Um das Ausmaß der Problematik zu verdeutlichen, haben sie die Behandlungen von Betroffenen aus ganz Rheinland-Pfalz im Kalenderjahr 2023 auf reiner Spendenbasis finanziert, um die Bedarfe auszuwerten: Es wurden dabei etwa 50.000 € aufgewendet, wobei die Hälfte der Patient*innen Ausgaben unter 150 € verursachte. In nur 10 Fällen entstanden Kosten über 2000 €, darunter waren z. B. drei Geburten und eine Unterschenkelprothese. Die höchsten Ausgaben für eine Einzelperson lagen bei 6.400 €.
Die insgesamt 66 Patient*innen kamen hauptsächlich aus Mainz und Koblenz sowie den angrenzenden Landkreisen. „Der Bedarf für ganz Rheinland-Pfalz wird demnach größer sein – ein Maßstab ist nun aber geschaffen“, erklärt Johannes Lauxen. „Es kann nicht sein, dass arme, kranke Menschen in Rheinland-Pfalz weiterhin ignoriert und allein gelassen werden. Seit Jahren wird die Regierung über diesen Missstand aufgeklärt!“
a+G und die Medinetze fordern die sofortige Einrichtung eines landesweiten Behandlungsfonds zur Finanzierung von notwendigen medizinischen Behandlungen für nicht-krankenversicherte Menschen. In Thüringen und Berlin gibt es diese Möglichkeit bereits. Deutschlandweit sind diesem Beispiel Bonn, Hannover, München und andere Kommunen gefolgt.
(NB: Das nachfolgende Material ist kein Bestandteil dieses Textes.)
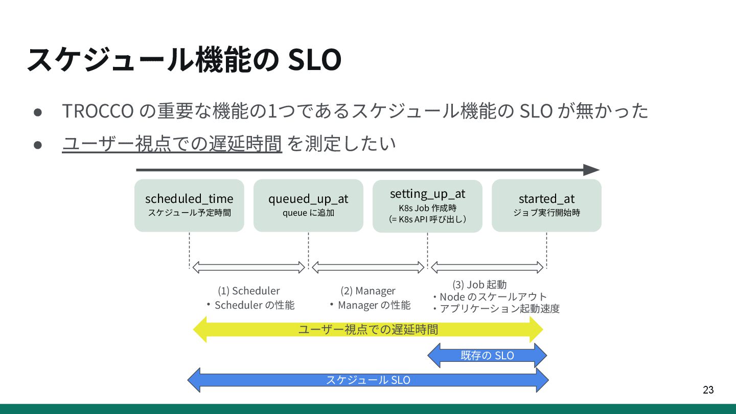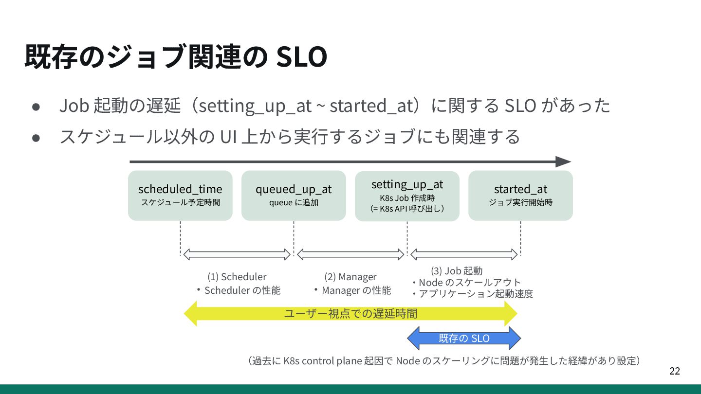 があった • スケジュール以外の UI 上から実⾏するジョブにも関連する 既存の SLO scheduled_time スケジュール予定時間 queued_up_at queue に追加 started_at ジョブ実⾏開始時 setting_up_at K8s Job 作成時 (= K8s API 呼び出し) (1) Scheduler ‧Scheduler の性能 (2) Manager ‧Manager の性能 (3) Job 起動 ‧Node のスケールアウト ‧アプリケーション起動速度 ユーザー視点での遅延時間 (過去に K8s control plane 起因で Node のスケーリングに問題が発⽣した経緯があり設定)

Wann handelt Rheinland-Pfalz?
Im Juni 2024 werden sich die Organisationen mit Verantwortlichen des Ministeriums für Arbeit, Soziales, Transformation und Digitalisierung, mit Vertretern des Ministeriums für Wissenschaft und Gesundheit, sowie mit dem Mainzer Sozialdezernenten Dr. Eckart Lensch zu einem Austausch treffen. „Wir fordern klare Antworten und unmittelbare Maßnahmen, wir akzeptieren keine weiteren Vertröstungen mehr!“, schließt Johannes Lauxen.